Once fixed, monitor metrics like pid.used, pid.capacity, and eviction counts to catch early pressure signals. Use alerting thresholds to prevent future disruptions.

Monitoring Kubernetes PID Pressure Error with CubeAPM

Detecting and diagnosing PID pressure quickly requires correlating kernel signals, kubelet events, and pod lifecycle logs. CubeAPM simplifies this by combining four signal streams — Metrics, Events, Logs, and Rollouts — to identify which node or container is exhausting PIDs. Instead of relying on multiple tools, CubeAPM surfaces metrics like pid.used, pid.capacity, and pod_evictions_total alongside the exact workload or process responsible.
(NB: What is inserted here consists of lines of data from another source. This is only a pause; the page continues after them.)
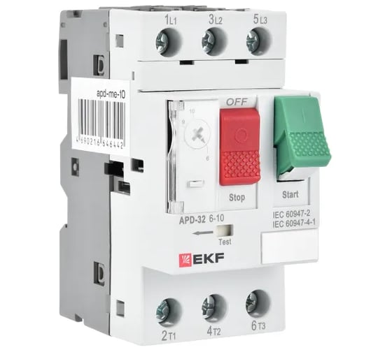 Автоматический выключатель пуска двигателя серии АПД-32 EKF PROxima с термомагнитным расцепителем специально предназначен для коммутаций цепей переменного тока напряжением до 690 В частотой 50/60 Гц, а также для управления и защиты трехфазных асинхронных двигателей от перегрузки, обрыва фазы, короткого замыкания.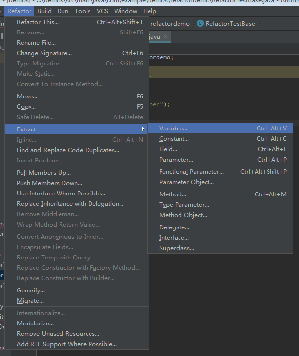 在AS的主菜单栏中有一项“Refactor”下拉菜单,点击该下拉菜单,会看到如下的界面,菜单中的每一项,都是为代码重构提供的一项自动实现功能。这么多的功能项,可见AS在代码重构功能上的强大,下面我们对这些功能项一一进行介绍。另外,还可以在编辑界面中点击右键,在弹出的菜单中也可以找到“Refactor”。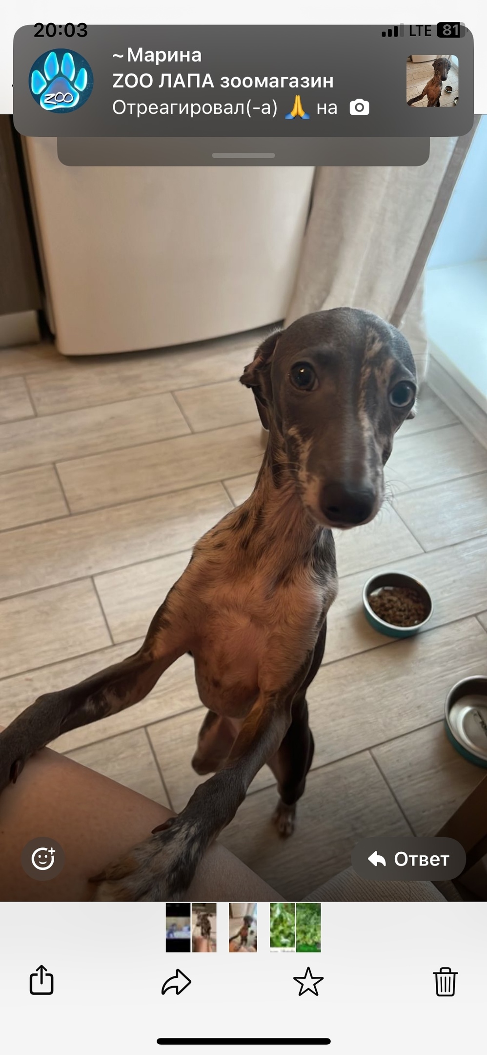 Д. Вертлино пропала собака , левретка , вознаграждение гарантируем 89031837485

Step 1 — Install CubeAPM using Helm

Deploy CubeAPM in your cluster for full MELT (Metrics, Events, Logs, Traces) observability.

Bash

helm repo add cubeapm https://charts.cubeapm.com && helm install cubeapm cubeapm/cubeapm --namespace cubeapm --create-namespace

To upgrade later:

Bash

helm upgrade cubeapm cubeapm/cubeapm -n cubeapm

You can customize configuration in values.yaml to adjust exporters, retention, and sampling.

Step 2 — Deploy the OpenTelemetry Collector (DaemonSet + Deployment)
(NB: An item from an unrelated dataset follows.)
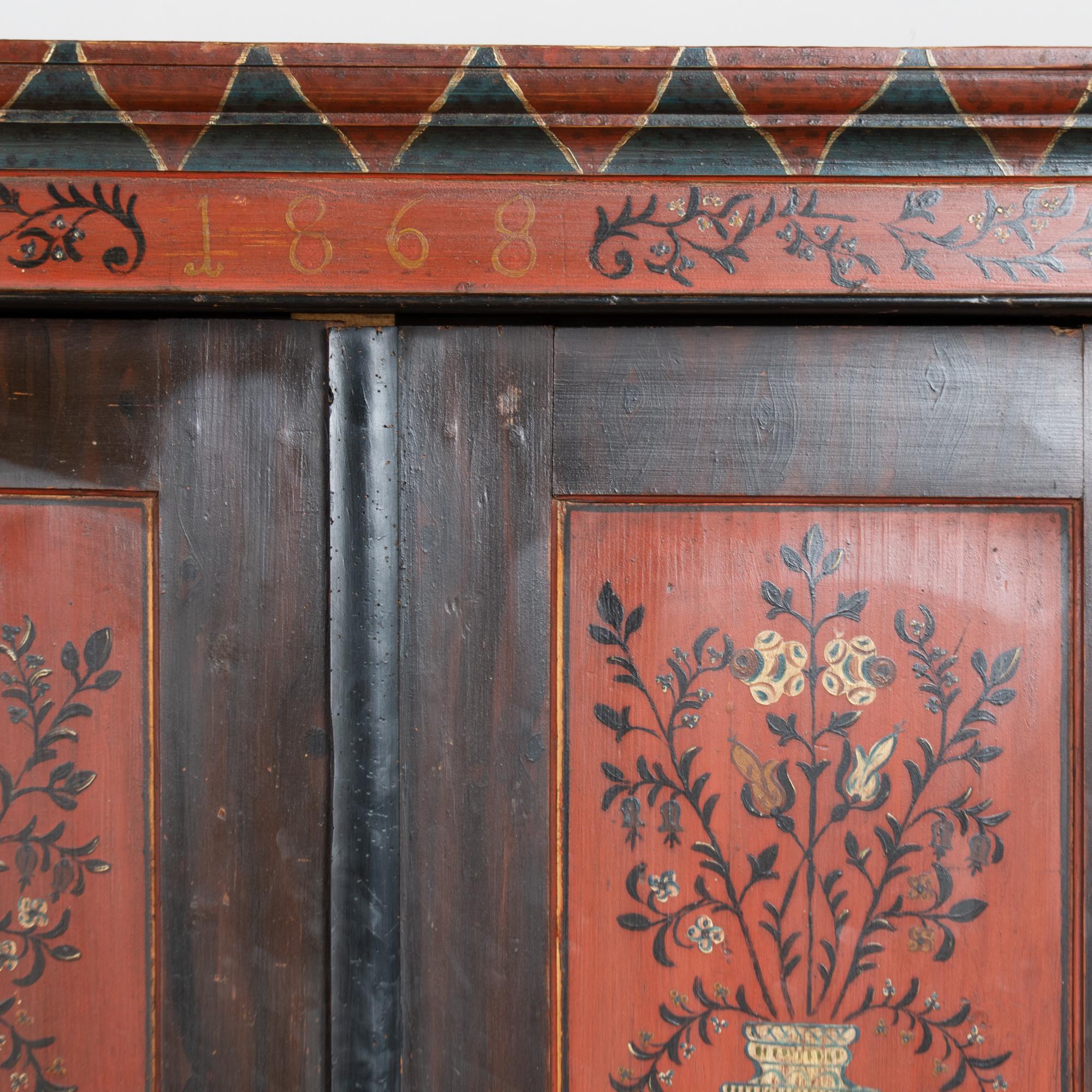 Centered in the upper crown is the painted date 1868, suggesting the armoire may have originally served as a wedding or dowry piece. Some nicks, cracks, and distress to the painted surface are visible, consistent with age. The original lock remains and functions somewhat loosely. The interior opens to reveal two shelves showing age-related separation yet remaining solid and functional. The armoire has been restored, is strong, stable, and ready for use.

CubeAPM uses the DaemonSet to collect node-level data such as PID metrics, kubelet conditions, and container counts. The Deployment handles centralized log and trace pipelines.

Bash

helm install cube-otel cubeapm/opentelemetry-collector --namespace cubeapm

Both collectors work together to forward correlated data to CubeAPM for unified analysis.

Step 3 — Collector Configs Focused on PID Pressure

DaemonSet Config (node-level PID metrics):

YAML

receivers:

  hostmetrics:

    collection_interval: 30s

    scrapers:

      processes:

      load:

processors:

  batch:

exporters:

  otlp:

    endpoint: cubeapm.cubeapm.svc.cluster.local:4317

service:

  pipelines:

    metrics:

      receivers: [hostmetrics]

      processors: [batch]

      exporters: [otlp]

hostmetrics: Collects PID usage (pid.used, pid.capacity) and node load metrics
batch: Aggregates samples efficiently before export
otlp: Sends metrics to CubeAPM for visualization

Deployment Config (events and logs):

YAML

receivers:

  k8s_events:

  filelog:

    include: ["/var/log/kubelet.log"]

processors:

  attributes:

  batch:

exporters:

  otlp:

    endpoint: cubeapm.cubeapm.svc.cluster.local:4317

service:

  pipelines:

    logs:

      receivers: [filelog, k8s_events]

      processors: [attributes, batch]

      exporters: [otlp]

k8s_events: Captures eviction and PID pressure events from kubelet
filelog: Streams kubelet logs indicating PID-related system messages
attributes: Adds node, namespace, and workload identifiers to logs

Step 4 — Supporting Components

Add Kubernetes state metrics for workload correlation and context.

Bash

helm install kube-state-metrics prometheus-community/kube-state-metrics -n cubeapm

This enhances visibility into pod restarts, namespace metadata, and deployment relationships during PID pressure events.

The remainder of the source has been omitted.